SecurityWeek ICS Cybersecurity Conference Heads to Nashville for Special 25-Year Anniversary Edition
Cal Water, one of the largest investor-owned water utilities in the United States, has hired cybersecurity experts, including Google’s Mandiant unit, to assist with the investigation into the cybersecurity incident.
In a statement to SecurityWeek, Cal Water said, “Based on its investigation, Mandiant has confirmed that the threat actor activity was limited to unauthorized access to a small number of specific user accounts within two third-party service provider platforms.”
It added, “Mandiant did not identify evidence of threat actor activity in Cal Water’s internal information technology or operational technology environments.”

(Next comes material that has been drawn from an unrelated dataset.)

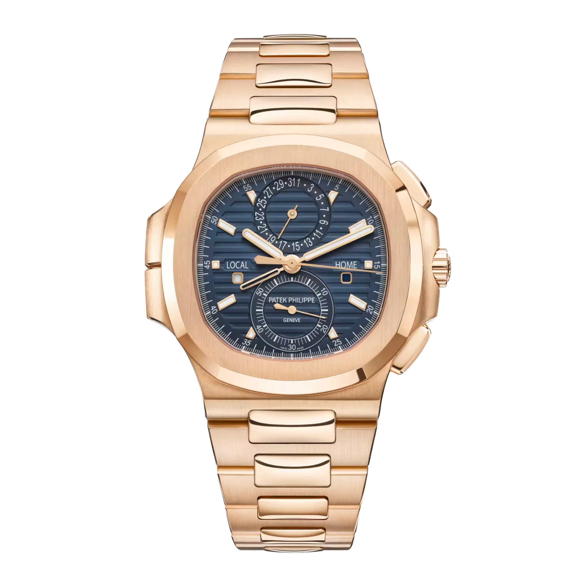 PRE-OWNED PATEK PHILIPPE NAUTILUS WITH FLYBACK CHRONOGRAPH AND DUAL TIMES ZONES, BLUE DIAL, ROSE GOLD CASE AND BRACELET

“The investigation determined that the threat actor accessed one active customer’s online Cal Water account using stolen user credentials. The customer account did not provide access to the billing system, and no payment information was compromised. The threat actor also accessed an external, third-party web site related to a GPS location correction tool; however, the website does not contain any confidential or sensitive information.”
The organization concluded, “We appreciate the collaboration and support our state and federal government partners provided throughout the investigation, and we will continue to work to maintain the security of our systems and data from malicious actors.”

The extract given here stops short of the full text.